[DATA TO USE]:
..............................

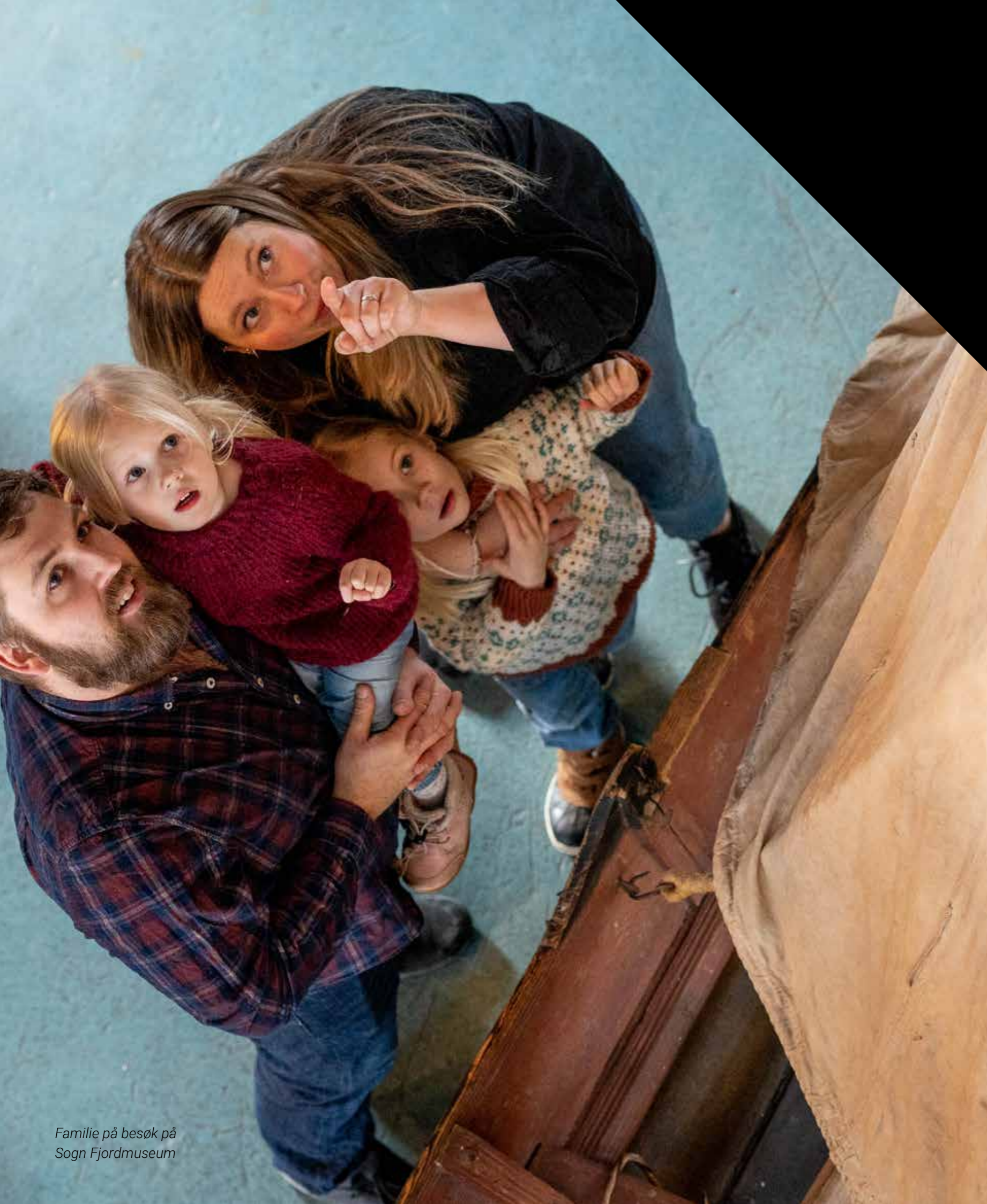
Familie på besøk på Sogn Fjordmuseum
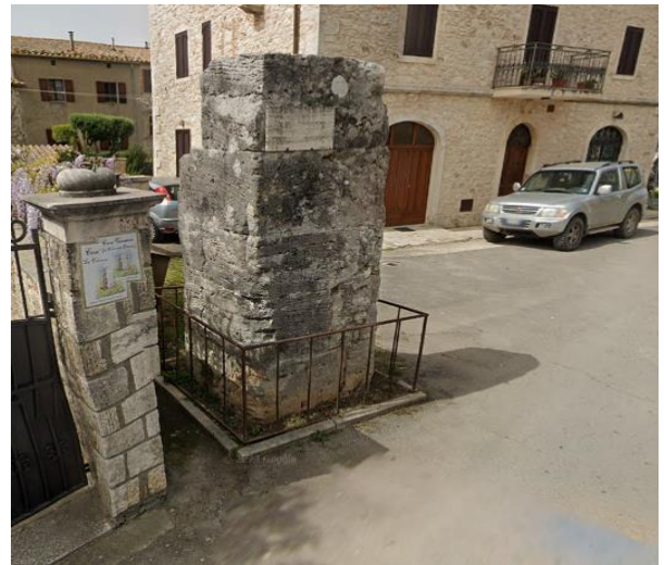
30 Rudere romano

Progetto realizzato con il contributo della
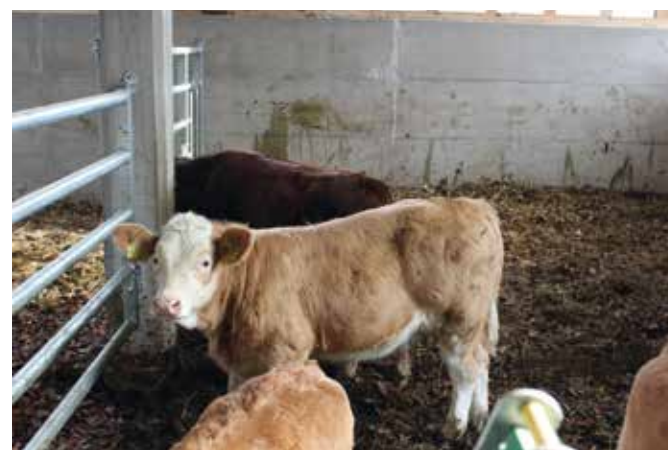
V novem objektu je za dobro počutje živali temeljito poskrbljeno.

Četudi smo govorili o pristočasnih aktivnostih, smo kaj hitro spet pristali v hlevu:
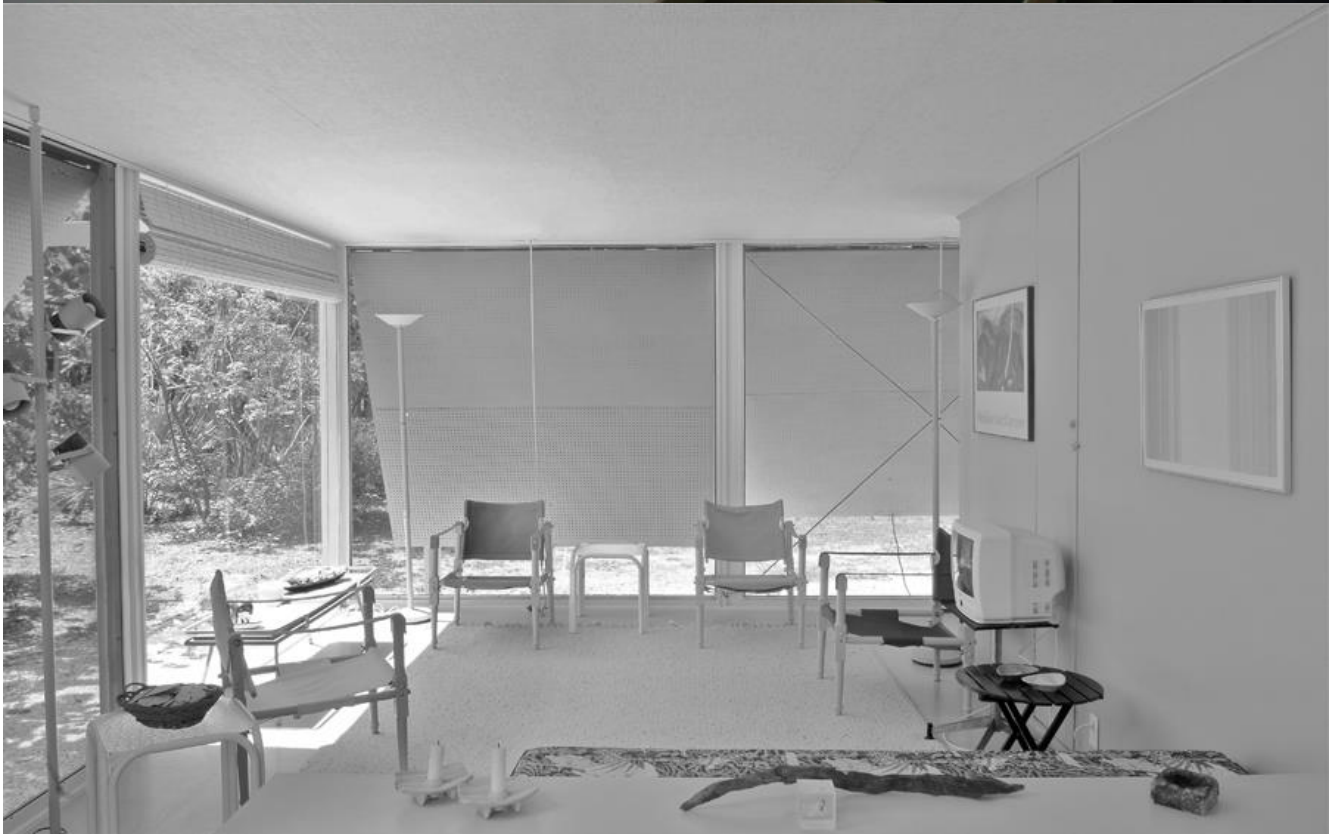
Libro "Casas Refugio" Editorial Gili, páginas 90 a 93.
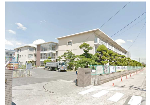
芳田小学校 徒歩11分
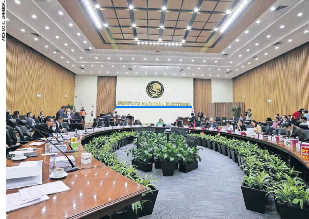
Los informes de Fiscalización del INE indican que el PAN y PRD capitalinos fueron los únicos en incumplir con la entrega de recursos para las campañas de sus candidatas.
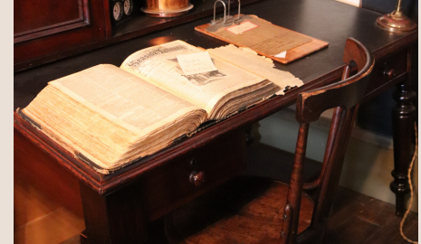
Adresse : 44 Chau. des Écossais.
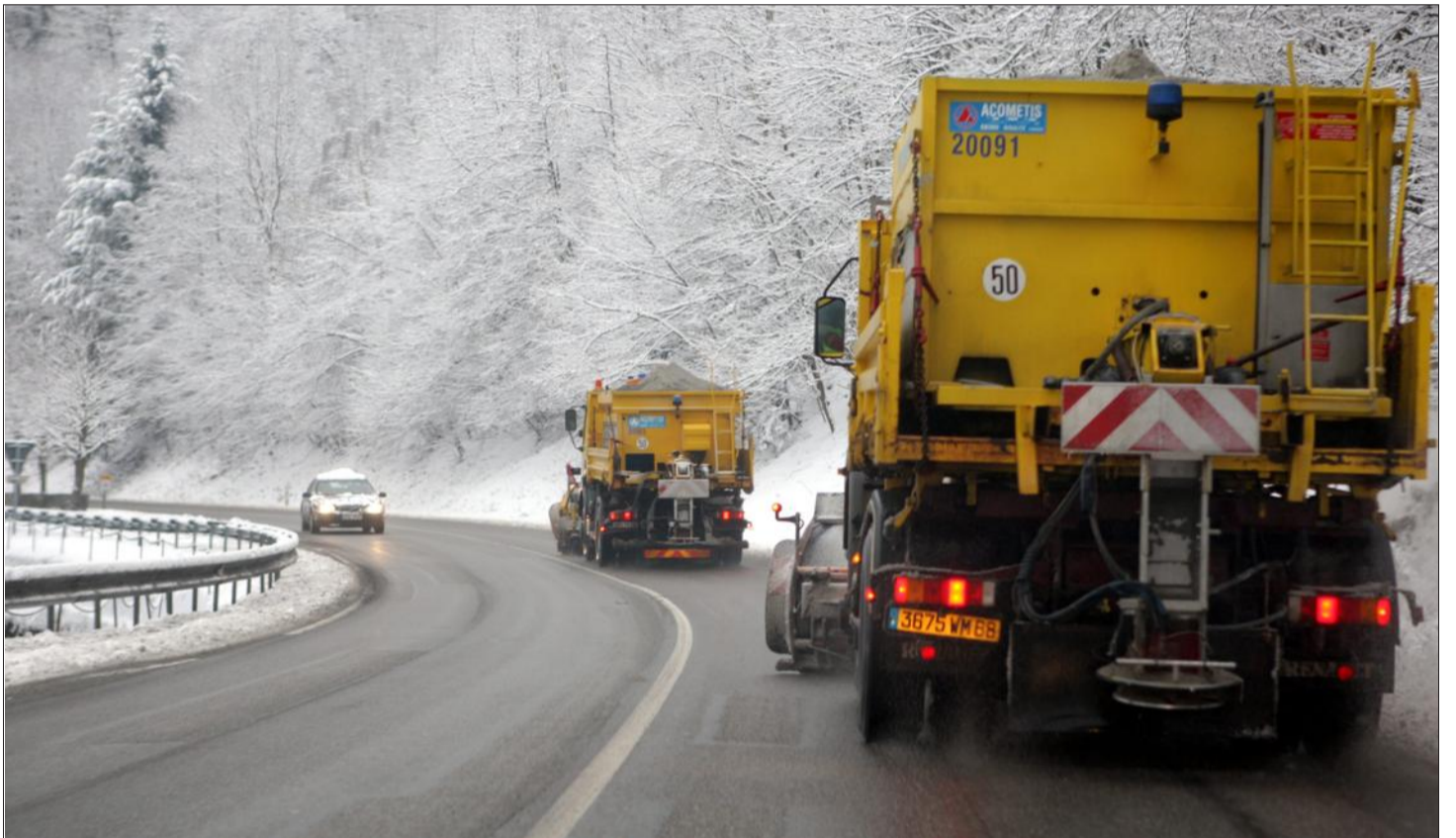
Pendant l'hiver 2013, entre Hachimette et Kaysersberg, des engins de déneigement s'activent sur la RD 415, axe prioritaire dégagé de 3 h à 20 h.
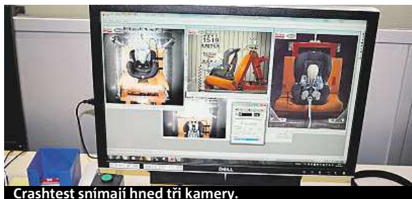
Crashtest snímají hned tři kamery.

buď jednotlivých prvků autosedaček, jako například pásů nebo mechanismu pro zacvaknutí a odepnutí pásů, nebo trvanlivost autosedačky jako celku,“ jmenuje některé
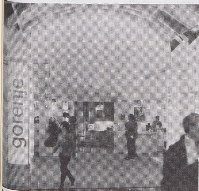
Nastop na 7. avstrijskem strokovnem sejmu pohištva v Salzburgu je samo dokaz več, da Gorenjeva tovarna pohištva iz Freistadta stopa v štric z drugimi avstrijskimi proizvajalci kuhinjskega pohištva
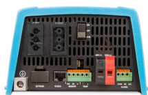
MultiPlus 500 / 800 / 1200 / 1600 VA
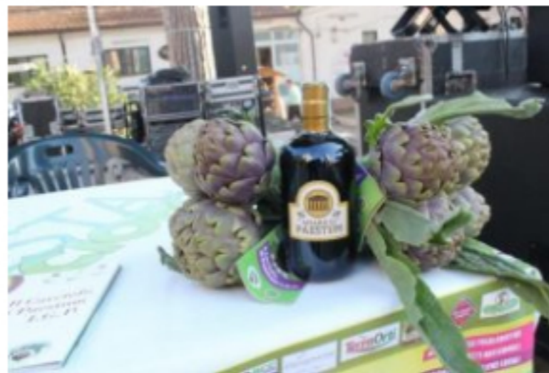
Riparte ad aprile la festa del Carciofo di Paestum IGP
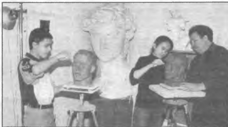
Республиканскому лицей-интернату изобразительного и прикладного искусства Академии художеств Республики Узбекистан исполняется 75 лет.
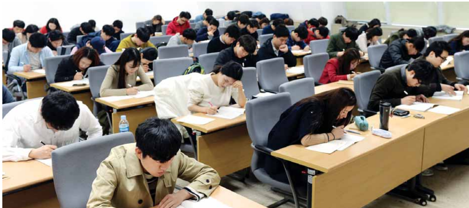
마지막 '삼성고시' D-20

23일 오후 취업준비생 150명이 조선대학교가 주최한 '2015학년도 상반기 취업대비 1차 SSAT 모의테스트'에 응시하고 있다. 삼성그룹에 취업하기 위한 첫 관문인 SSAT(삼성직무적성검사)는 오는 4월 12일 실시된다.
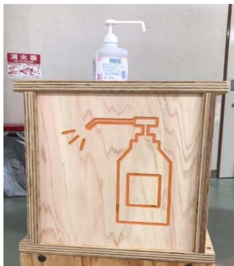
アルコール消毒液のサイン

来場者に検温とアルコール消毒への協力を促すサイン。遠くからでも消毒液の設置場所がすぐに分かるデザインにするなど、学生のアイデアが活かされています。
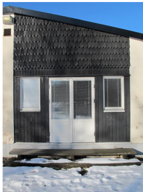
LP_2015_00039 Foton från östsidan. T.v. en tidstypisk "balkongdörr". LP_2015_00040 T.h. syns ett fasadparti klätt med bl.a. kyrkspån.
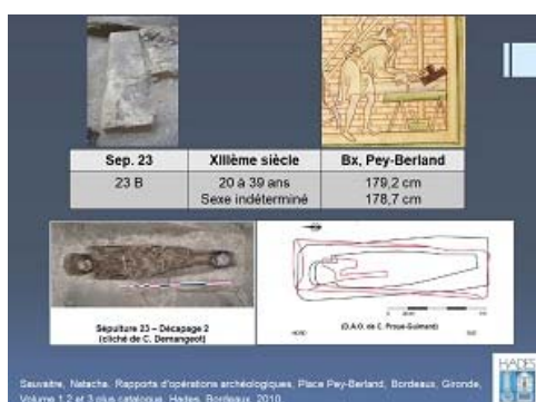
Fig. 13 : © Natacha Sauvaitre, Hades.

En revanche, le couvercle du sarcophage de la sépulture 23 (fig. 13) porte la gravure d'un outil de charpentier utilisé pour amincir ou régulariser l'épaisseur d'une pièce de bois : la doloire. Deux individus prenaient place dans ce sarcophage : un adulte (23A) de plus de 20 ans de stature indéterminée en position primaire couché sur le dos ; et un second individu (23B) de sexe indéterminé, d'environ 1,79 m, d'âge compris entre 20 et 39 ans, posé en position secondaire sur les pieds et les chevilles du premier individu. Le second individu faisait état de diverses pathologies : une lombarthrose ; une hernie discale ; une gonarthrose et une fracture sans déplacement osseux. Une variation anatomique (ou marqueur d'activité) est également visible, notamment une ostéochondrite au niveau de la cavité glénoïdale des scapulas droite et gauche, c'est-à-dire une atteinte liée à une réaction d'opposition de l'épaule à une force compressive, tel par exemple un port de poids.
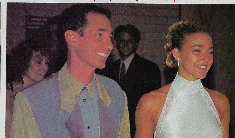
▼ Quelques instants à peine après l'échange des anneaux
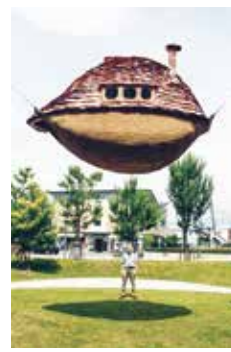
△藤森照信『空飛ぶ泥舟』
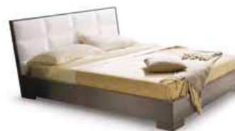
LettoVEGA Bed VEGA

160 - L. 1679 x P. 2144 x H. 970 180 - L. 1874 x P. 2144 x H. 970
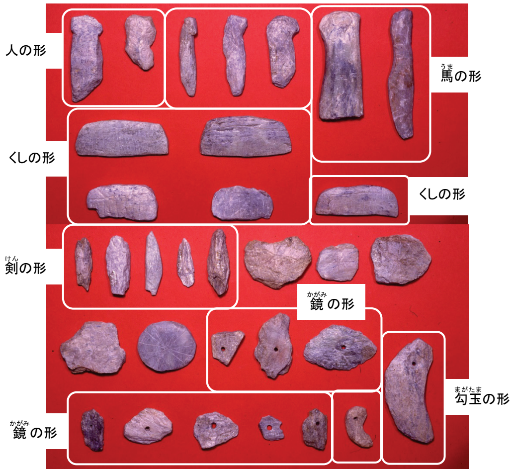
かみさま いの まつ つか 水の神様への祈りのお祭りに使われた石で作った本物の代わりに品(石製模造品)(今から約1,350年~1,300年前)
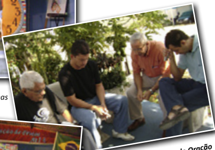
Tempo de Oração
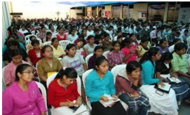
Ministración de cultos legalistas con hombres y mujeres separados, ¿Cómo en la Sinagogas judías? (i?)

guardan Sábados o se privan en el comer, en el beber y señalan como sectas a quienes tienen ciertas formas de Alabar, de danzar, de Adorar y de orar en otras congregaciones; pero ellos en cambio, imponen modas, maneras de ubicarse en los Templos, Ayunos sistematizados con horarios pre-establecidos; formas obligatorias de Ofrendar y hasta de "Diezmar" (i?); demandando restricciones y prohibiciones para la ministración de Bautismos en el Espíritu y Agua, en los Matrimonios, en las Cenas del Señor, en los Lavatorios de pies; y otros hasta caen en Fetichismo, al dar valor sagrado a objetos: maderas, rosas, cruces, tierras, velos, a árboles y a sus hojas, etc. ¿Quién los entiende?
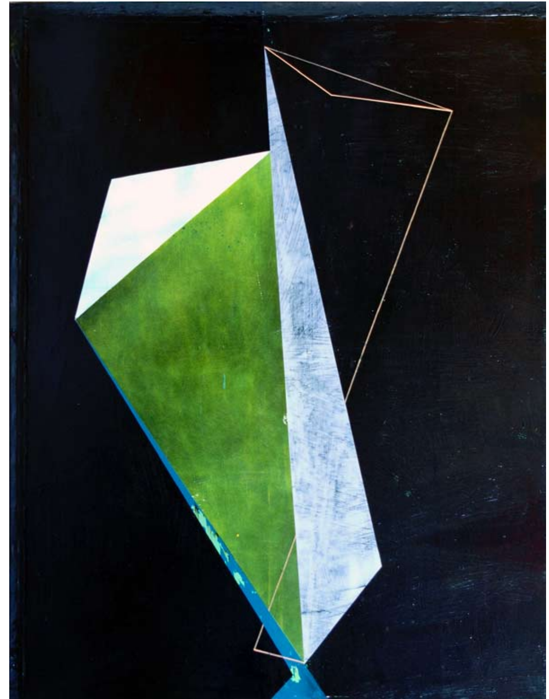
»John Cage No3«; 200x155cm; 2011/12. Öl/ Lack/ Bitumen auf Leinwand.

The series »John Cage« out of 2011/2012 can be regarded as an extreme here: The impression of balance and weightlessness, provoked by the deep black background and the floating forms is immediately deconstructed by the brutal destroying of the surfaces.
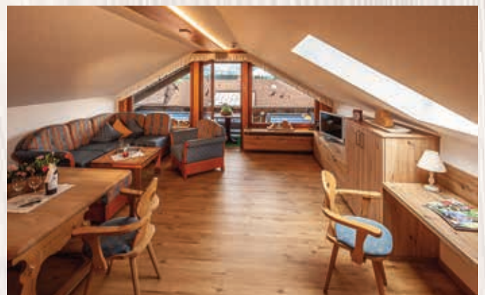
Wohnung Sonnenkopf / ca. 85 qm, 3. Stock

Geräumige Ferienwohnung mit Vinylfußboden, großzügiger Wohnraum mit Ecksofa, Essecke und Zugang zum Ostbalkon-/terrasse mit Blick zum Rubihorn und Morgensonne, separate Küche mit Spülmaschine, Mikrowelle und kleinem Esstisch, Separates Schlafzimmer mit 2m-Betten, Bad mit Dusche/WC.
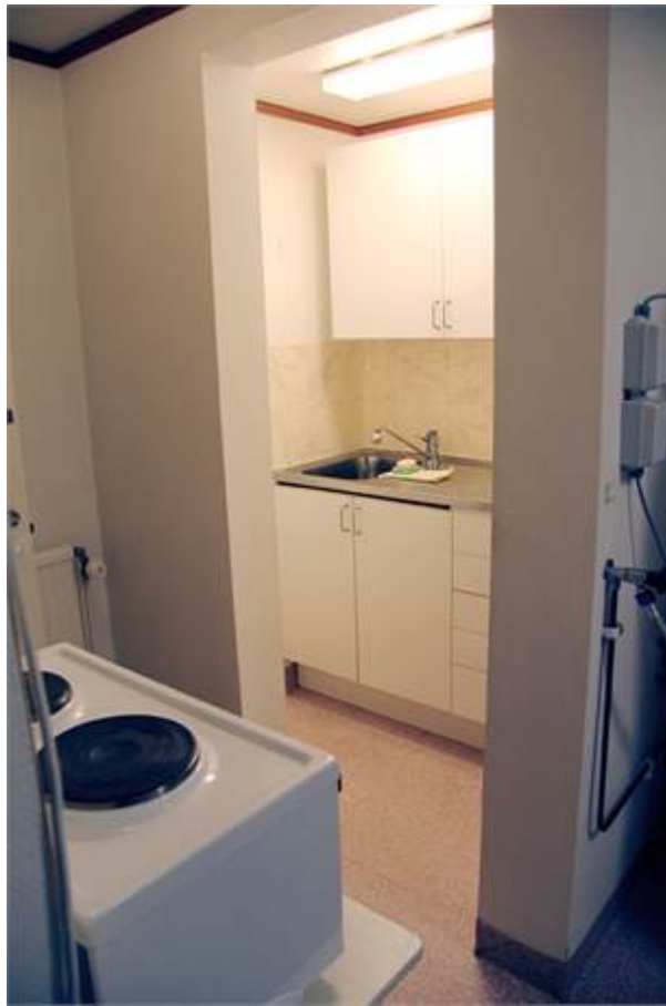
Järnbruksvägen 5, Kallinge Företagscenter, Kallinge - Kontor

..............................

[WHAT YOU WILL DO]:
All of the material above must be given again verbatim, except for the pictures.

[ANSWER SECTION]:
Familie på besøk på Sogn Fjordmuseum
30 Rudere romano

Progetto realizzato con il contributo della
V novem objektu je za dobro počutje živali temeljito poskrbljeno.

Četudi smo govorili o pristočasnih aktivnostih, smo kaj hitro spet pristali v hlevu:
Libro "Casas Refugio" Editorial Gili, páginas 90 a 93.
芳田小学校 徒歩11分
Los informes de Fiscalización del INE indican que el PAN y PRD capitalinos fueron los únicos en incumplir con la entrega de recursos para las campañas de sus candidatas.
Adresse : 44 Chau. des Écossais.
Pendant l'hiver 2013, entre Hachimette et Kaysersberg, des engins de déneigement s'activent sur la RD 415, axe prioritaire dégagé de 3 h à 20 h.
Crashtest snímají hned tři kamery.

buď jednotlivých prvků autosedaček, jako například pásů nebo mechanismu pro zacvaknutí a odepnutí pásů, nebo trvanlivost autosedačky jako celku,“ jmenuje některé
Nastop na 7. avstrijskem strokovnem sejmu pohištva v Salzburgu je samo dokaz več, da Gorenjeva tovarna pohištva iz Freistadta stopa v štric z drugimi avstrijskimi proizvajalci kuhinjskega pohištva
MultiPlus 500 / 800 / 1200 / 1600 VA
Riparte ad aprile la festa del Carciofo di Paestum IGP
Республиканскому лицей-интернату изобразительного и прикладного искусства Академии художеств Республики Узбекистан исполняется 75 лет.
마지막 '삼성고시' D-20

23일 오후 취업준비생 150명이 조선대학교가 주최한 '2015학년도 상반기 취업대비 1차 SSAT 모의테스트'에 응시하고 있다. 삼성그룹에 취업하기 위한 첫 관문인 SSAT(삼성직무적성검사)는 오는 4월 12일 실시된다.
アルコール消毒液のサイン

来場者に検温とアルコール消毒への協力を促すサイン。遠くからでも消毒液の設置場所がすぐに分かるデザインにするなど、学生のアイデアが活かされています。
LP_2015_00039 Foton från östsidan. T.v. en tidstypisk "balkongdörr". LP_2015_00040 T.h. syns ett fasadparti klätt med bl.a. kyrkspån.
Fig. 13 : © Natacha Sauvaitre, Hades.

En revanche, le couvercle du sarcophage de la sépulture 23 (fig. 13) porte la gravure d'un outil de charpentier utilisé pour amincir ou régulariser l'épaisseur d'une pièce de bois : la doloire. Deux individus prenaient place dans ce sarcophage : un adulte (23A) de plus de 20 ans de stature indéterminée en position primaire couché sur le dos ; et un second individu (23B) de sexe indéterminé, d'environ 1,79 m, d'âge compris entre 20 et 39 ans, posé en position secondaire sur les pieds et les chevilles du premier individu. Le second individu faisait état de diverses pathologies : une lombarthrose ; une hernie discale ; une gonarthrose et une fracture sans déplacement osseux. Une variation anatomique (ou marqueur d'activité) est également visible, notamment une ostéochondrite au niveau de la cavité glénoïdale des scapulas droite et gauche, c'est-à-dire une atteinte liée à une réaction d'opposition de l'épaule à une force compressive, tel par exemple un port de poids.
▼ Quelques instants à peine après l'échange des anneaux
△藤森照信『空飛ぶ泥舟』
LettoVEGA Bed VEGA

160 - L. 1679 x P. 2144 x H. 970 180 - L. 1874 x P. 2144 x H. 970
かみさま いの まつ つか 水の神様への祈りのお祭りに使われた石で作った本物の代わりに品(石製模造品)(今から約1,350年~1,300年前)
Tempo de Oração
Ministración de cultos legalistas con hombres y mujeres separados, ¿Cómo en la Sinagogas judías? (i?)

guardan Sábados o se privan en el comer, en el beber y señalan como sectas a quienes tienen ciertas formas de Alabar, de danzar, de Adorar y de orar en otras congregaciones; pero ellos en cambio, imponen modas, maneras de ubicarse en los Templos, Ayunos sistematizados con horarios pre-establecidos; formas obligatorias de Ofrendar y hasta de "Diezmar" (i?); demandando restricciones y prohibiciones para la ministración de Bautismos en el Espíritu y Agua, en los Matrimonios, en las Cenas del Señor, en los Lavatorios de pies; y otros hasta caen en Fetichismo, al dar valor sagrado a objetos: maderas, rosas, cruces, tierras, velos, a árboles y a sus hojas, etc. ¿Quién los entiende?
»John Cage No3«; 200x155cm; 2011/12. Öl/ Lack/ Bitumen auf Leinwand.

The series »John Cage« out of 2011/2012 can be regarded as an extreme here: The impression of balance and weightlessness, provoked by the deep black background and the floating forms is immediately deconstructed by the brutal destroying of the surfaces.
Wohnung Sonnenkopf / ca. 85 qm, 3. Stock

Geräumige Ferienwohnung mit Vinylfußboden, großzügiger Wohnraum mit Ecksofa, Essecke und Zugang zum Ostbalkon-/terrasse mit Blick zum Rubihorn und Morgensonne, separate Küche mit Spülmaschine, Mikrowelle und kleinem Esstisch, Separates Schlafzimmer mit 2m-Betten, Bad mit Dusche/WC.
Järnbruksvägen 5, Kallinge Företagscenter, Kallinge - Kontor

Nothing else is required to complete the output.